Studies have shown that certain Indian fisherman at the mouth of a river might share lots of common areas. As one goes up stream, and fish are fewer and harder to catch, tribes begin to share less and less. Why? The labor increases to catch the diminishing quarry--until one nears the source of the river where crude stone traps are used to catch the fish. Here, sharing becomes non-existent. Why? Rationality takes over.

He who puts forth the effort to make the trap, gets to keep the fish. Why would one who put the effort in to build the trap, share his catch with his non-industrious neighbor?

Now as populations increase, the pressures on resources increase, and the value of all commodities, including land goes up. The common areas must be abandoned. The consequences of this inevitable series of events is explained eloquently in Garret Hardin’s landmark work, The Tragedy of the Commons .

To avoid the Tragedy of the Commons, where all must perish in ecological anarchy, privatization leaps to the fore and individuals or clans agree to abide by mutually beneficial rules. Hardin calls this Mutual coercion mutually agreed upon. We refer to it as Law.

The rule of law permits us to live in congested areas with diminishing resources. Private property insures that rational human beings will use the land to its highest and best use, or sell it to someone who will. This is what protects us all from the Tragedy of the Commons.

Yet, today, in the Napa Valley we now have unelected officials, wanting to de-privatize the land, and dictate to farmers what crops to grow. Rather than let the marketplace dictate whether grapes are a viable crop or not, we are fortunate enough to have outsiders writing in local papers that, even though grape farming is lucrative, that the farmers must be prepared to give up some vines for other crops.

Often, this totalitarian approach is offered up by groups masquarding as environmentalists. I guess we, the people, are lucky to have them here to watch out for us.

These folks are convinced that they are wiser than thee, me, and the market place. No doubt they are. Their point is that if too much of one variety is planted (and yes, we had a surplus of Merlot last year) we should follow their lead and be forced to plant Green Hungarian (or maybe wheat) instead.

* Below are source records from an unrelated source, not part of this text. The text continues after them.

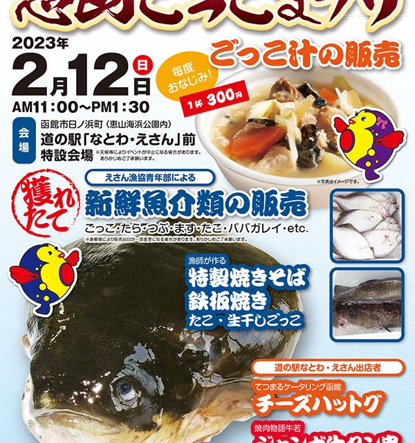 イベント 第31回 恵山ごっこまつり 2月12日(日) 2月12日(日)道の駅なとわ・えさんの特設会場で3年ぶりに【恵山ごっこまつり】開催♪例年大人気のイベントです。冬の味覚をお楽しみに♪ おやこショッピング食べる 2023.01.16 おやこイベント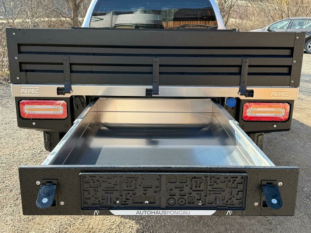 Das Fahrzeug verfügt über ein Alu Wechselplateau mit 3 klappbaren Ladebordwänden zur Ladungssicherunginkl. seitlichen Toolboxen und Heckauszug, Airline Verzurrschienen und Verzurrpunkte.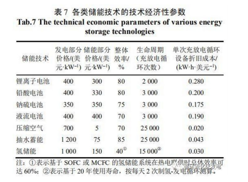 氫儲能相較于其他儲能方式的劣勢在于能源轉(zhuǎn)化效率低、成本高。美國Sandia國家實(shí)驗(yàn)室在2015年發(fā)布了關(guān)于儲能技術(shù)經(jīng)濟(jì)性分析的報(bào)告,總結(jié)了各種已商業(yè)化的儲能技術(shù)的價(jià)格、效率及使用壽命,見表7。目前常用電化學(xué)電池的效率為70%~80%,而氫儲能系統(tǒng)即便在考慮熱電聯(lián)供的條件下效率也僅有40%左右。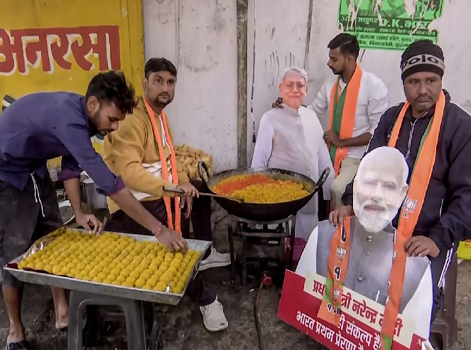 Patna (Bihar): Early trends in counting of votes in the Bihar Assembly elections on Friday showed the ruling National Democratic Alliance (NDA) way past the halfway mark of 122, with the Mahagathbandhan lagging.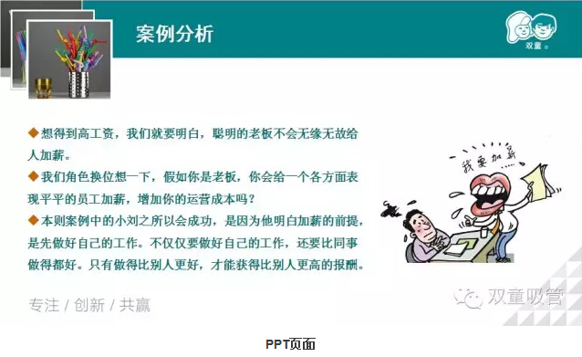 在學(xué)習(xí)會上,吸管妞也和童鞋們分享大膽地追求自己的工資。追求高工資沒什么不對,相反,這是一種向往理想和幸福生活的表現(xiàn)。所以,無論是迫于生活所需,還是出于自己對物質(zhì)生活的要求,渴望高工資并不是什么虛榮心理,所以并不需要遮遮掩掩。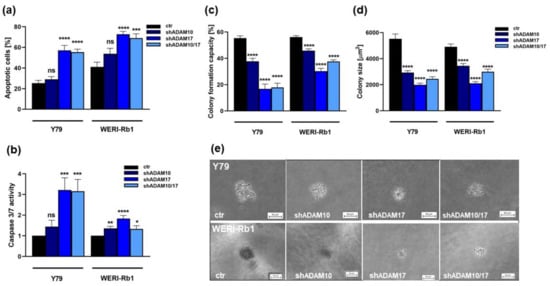Effects of ADAM10/17 single and double knockdown on apoptosis and anchorage independent growth of RB cell lines. Stable ADAM10 (shADAM10), ADAM17 (shADAM17) and ADAM10/17 (shADAM10/17) knockdown increases caspase mediated apoptosis levels of Y79 and WERI-Rb1 cells compared to control cells (ctr) as revealed by DAPI cell counts (a) and caspase3/7 assays (b). Both RB cell lines show significantly reduced colony formation capacity (c) and colony sizes (d,e) after ADAM10 and ADAM 17 single or double knockdown as revealed by soft agarose assays. Values are means of three independent experiments ± SEM. ns > 0.05; * p < 0.05; ** p < 0.01; *** p < 0.001 and **** p < 0.0001 statistical differences compared to the control (ctr) group calculated by Student’s t-test.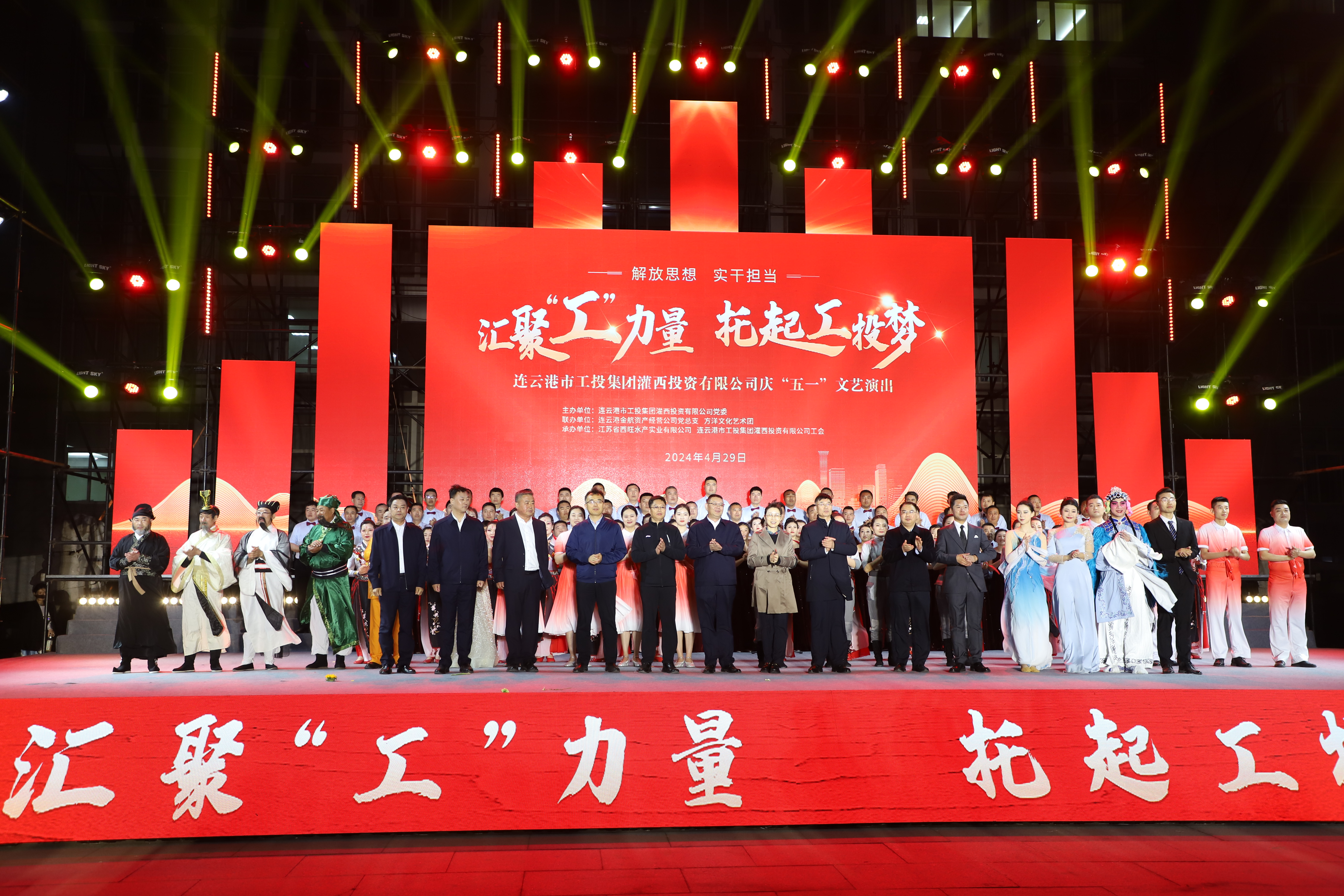 429日晚,灌西投資公司《匯聚“工”力量,托起工投夢》慶“五一”文藝演出在機關(guān)大樓前廣場舉行。本次活動由灌西投資公司黨委主辦,連云港金航資產(chǎn)經(jīng)營公司黨總支、方洋文化藝術(shù)團聯(lián)辦,旨在通過藝術(shù)的形式,營造崇尚勞模、學(xué)習(xí)先進、尊重勞動的良好氛圍,豐富公司員工的文化生活,激發(fā)干事創(chuàng)業(yè)熱情。集團公司領(lǐng)導(dǎo)張六林、戴鴻鳴、汪群及部分部門負責(zé)人,灌西、金航資產(chǎn)經(jīng)營公司領(lǐng)導(dǎo)班子成員出席演出活動,縣臨港產(chǎn)業(yè)區(qū)管委會、華能灌云清潔能源發(fā)電責(zé)任有限公司、徐圩新區(qū)方洋集團等有關(guān)領(lǐng)導(dǎo)受邀觀看演出。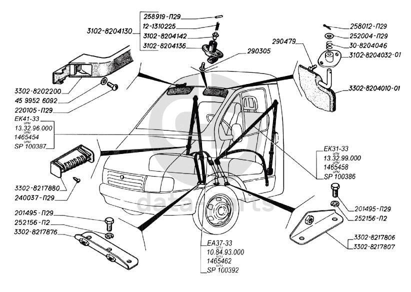 Ремни безопасности, поручень, козырьки противосолнечные с кронштейнами ГАЗ-3302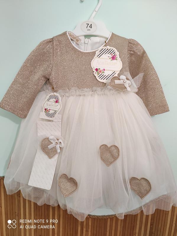 Красиве нарядне плаття для дівчинки золотого кольору на довгий рукав. Низ пишний шар молочного фатіну оздоблений золотими сердечками. Підкладка з натуральної бавовни. В наборі шпилька до волосся.
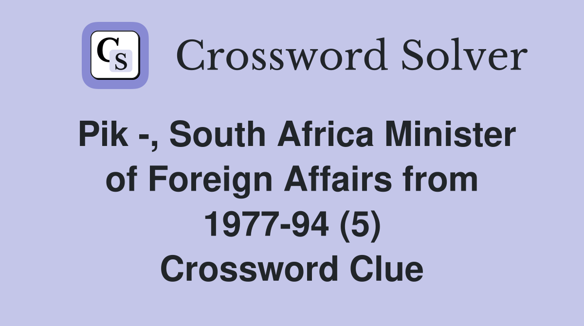 Pik South Africa Minister of Foreign Affairs from 1977 94 (5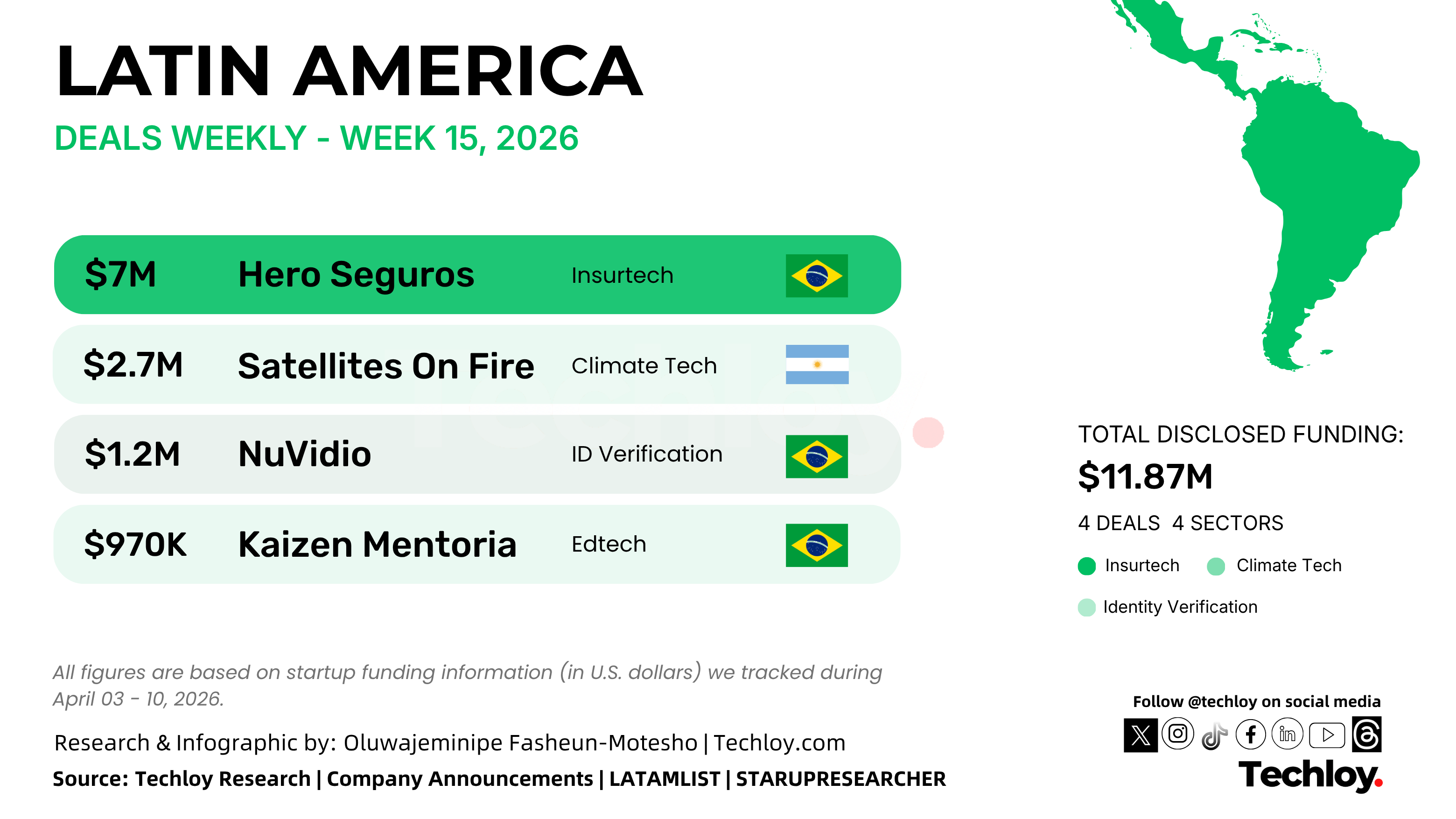 This week’s funding rounds reflect continued investor interest in insurance infrastructure, climate resilience, digital identity, and education platforms, with Brazil remaining the region’s most active market.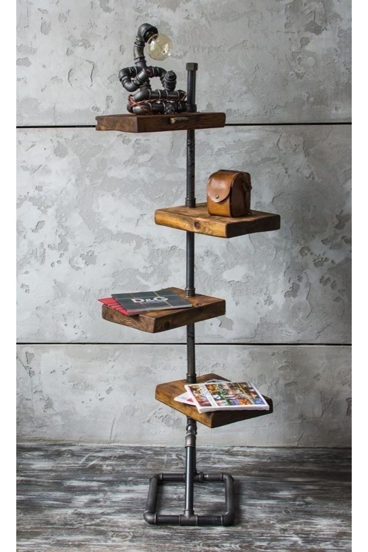 Blbndesign Dekoratif Borudan Raf Ve Aydınlatma Lambader 2'li Set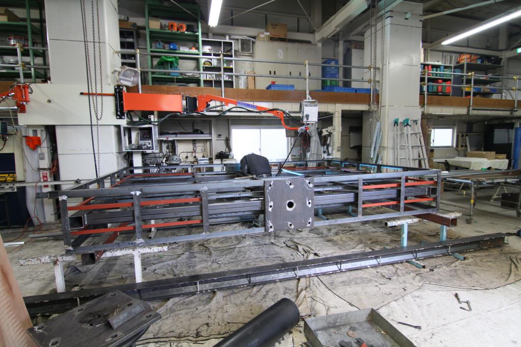 屋内にて鉄骨を溶接し組み上げます。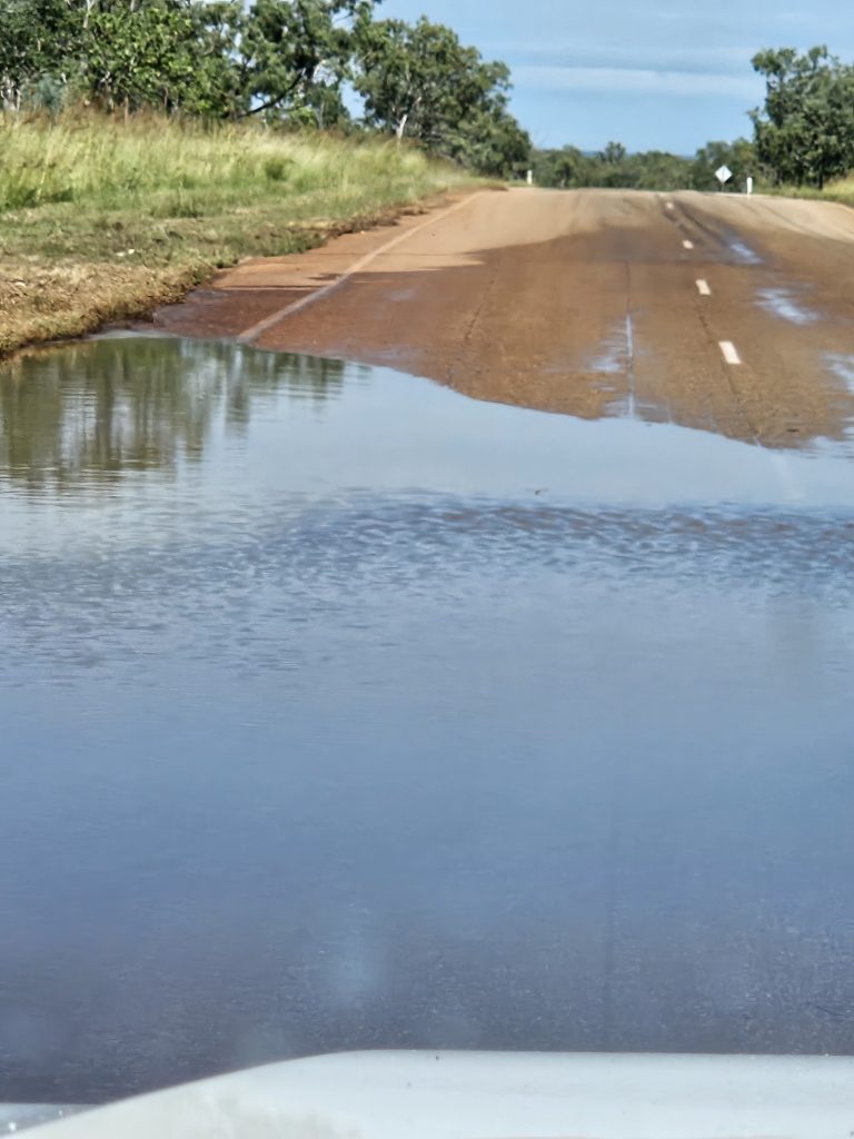 Auf dem Weg nach Kununurra sind noch einige Straßen überschwemmt.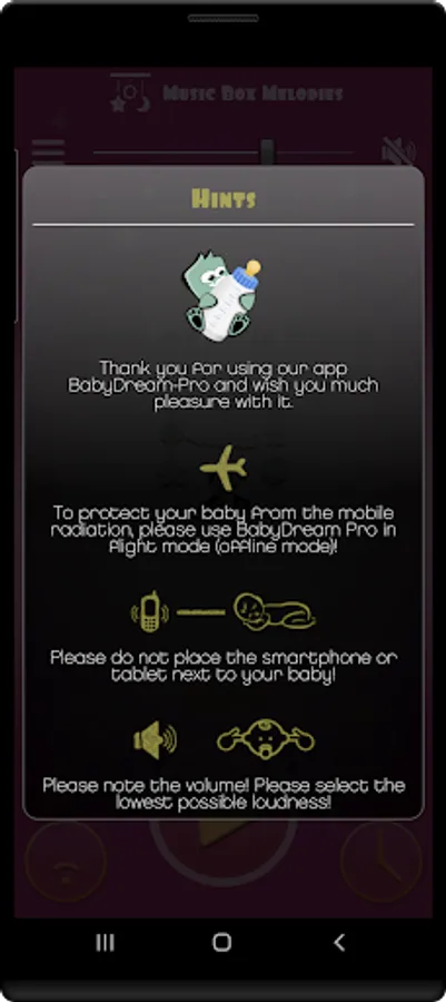 - To protect your baby from mobile phone radiation, please use the app in flight mode (offline mode)!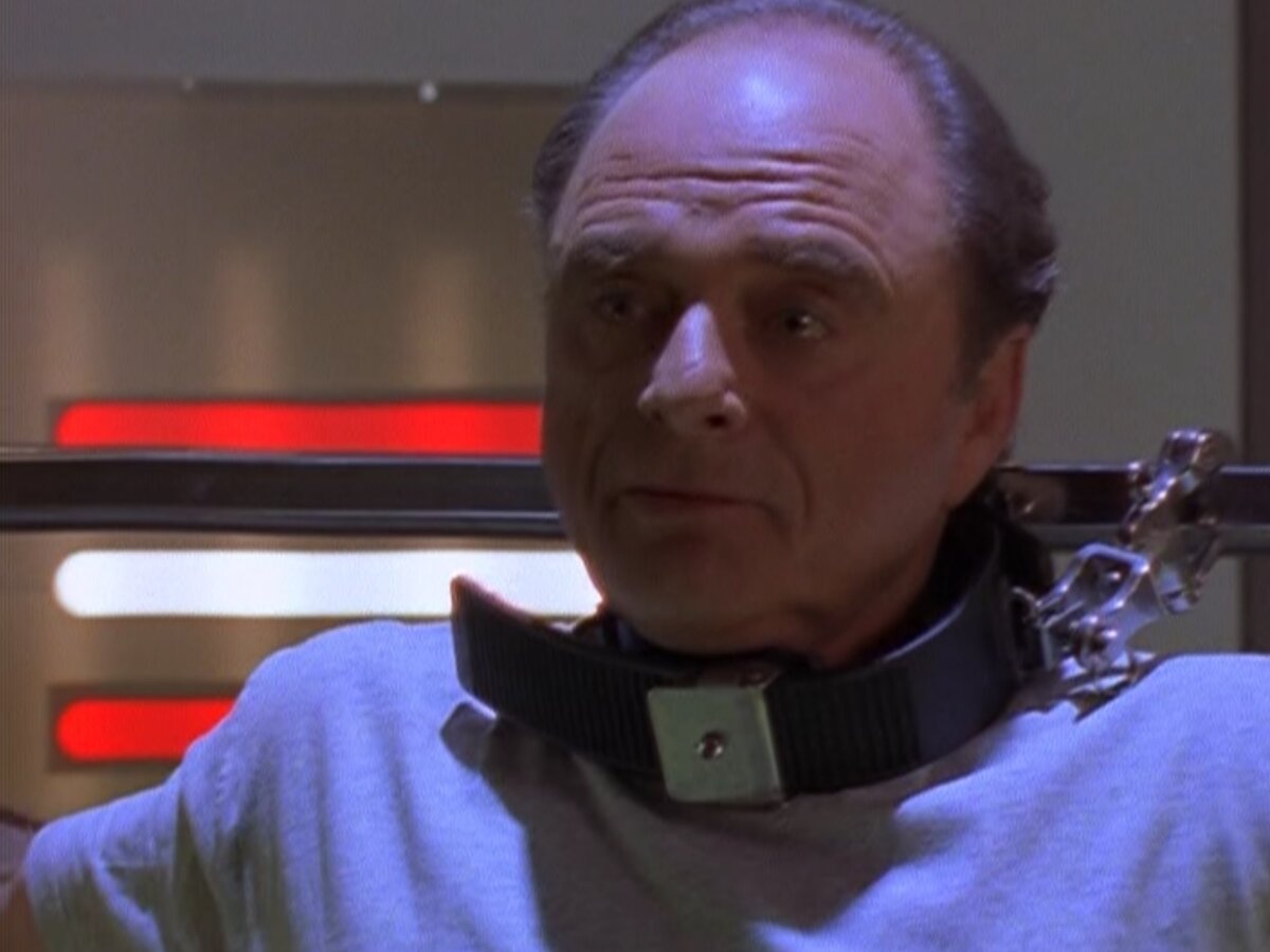 💣 Видео-послание Кесслера ближе к концу серии было снято довольно необычным способом и без применения спецэффектов. Монтажёр Дэвид Томпсон решил протестировать свою новую цифровую камеру: сначала сцену сняли в обычном формате, затем запустили на мониторе и сняли получившееся на цифровую камеру, чтобы намеренно снизить разрешение.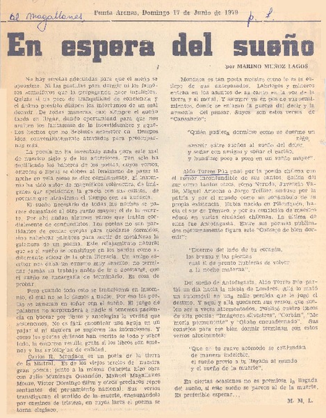 En espera del sueño [artículo] Marino Muñoz Lagos.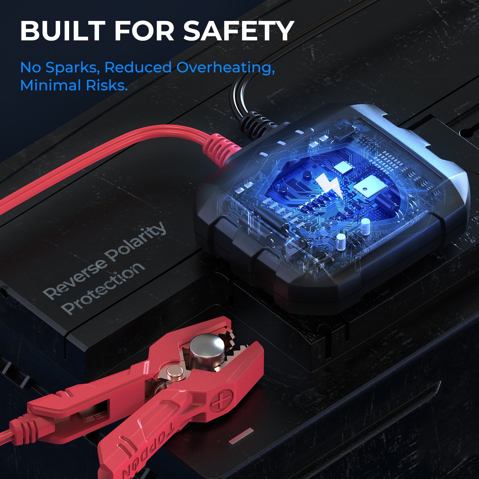 Safety is built into every feature. The spark-free battery clamps provide added protection along the entire test procedure. Reverse polarity protection saves batteries and battery testers from being damaged by high-power currents.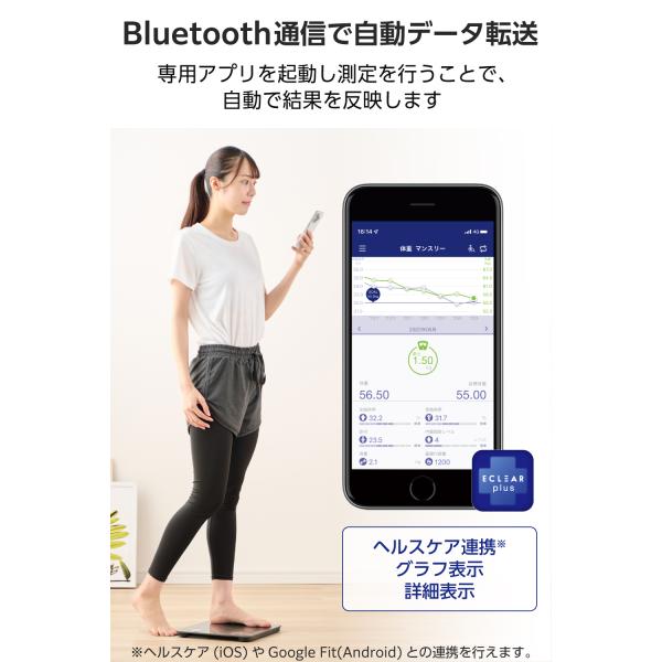 体重計 体組成計 ヘルスメーター Bluetooth スマホ連動 体重 体脂肪率 BMI 内臓脂肪 皮下脂肪率 骨格筋率 骨量 基礎代謝 FFMI EFSBT01 公式店 日本メーカー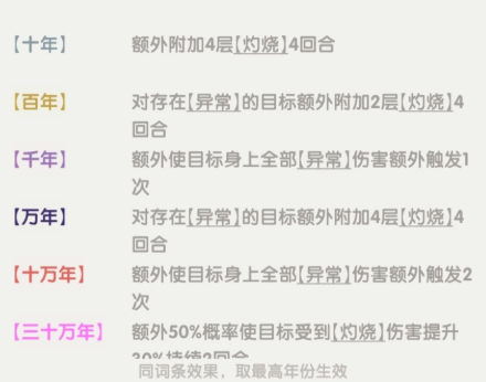 这个神器在10年的时候达到的效果是额外附加4层灼烧,在百年的时候可以对异常目标附加两层灼烧,触发的效果还可以持续4个回合,在技能前摇的时候,可以额外使敌人身上所有的异能伤害额外再次触发一次,在万年的时候如果敌人身上还是有异常目标的话,还可以额外增加四层灼烧的效果,10万年的时候,可以使敌方身上所有的异常伤害额外触发次数达到两次,在最厉害也就是30万年的时候,有50%的概率会使敌人受到主伤伤害提升30%的数值,而且这个效果持续回合也是比较长的。

But what about Quis custodies ipsos custodes? --Who shall watch the watchers? John Adams said that we must have a "government of laws and not men." As Hardin points out, bureaucratic administrators, trying to evaluate the morality of acts in the total system, are singularly liable to corruption. Thus producing a government by men, not laws.

The radical environmentalists’ approach of planned economies was tried in Eastern Europe. It is still being practiced in China and Cuba. No doubt if given a chance, it will work just as well here, won’t it?

Yes. This Valley was beautiful before the white man came. Yet, it is even more beautiful today. Yes. We have traffic. We have pollution. We are putting a strain on water. But the land is productive and ordinary people have been pulled from the ranks of poverty and back breaking labor to a standard of living rarely matched anywhere on this globe.

Free markets and old fashioned rugged individualism made it happen. How did we ever get this way without those other folks telling us how to do it?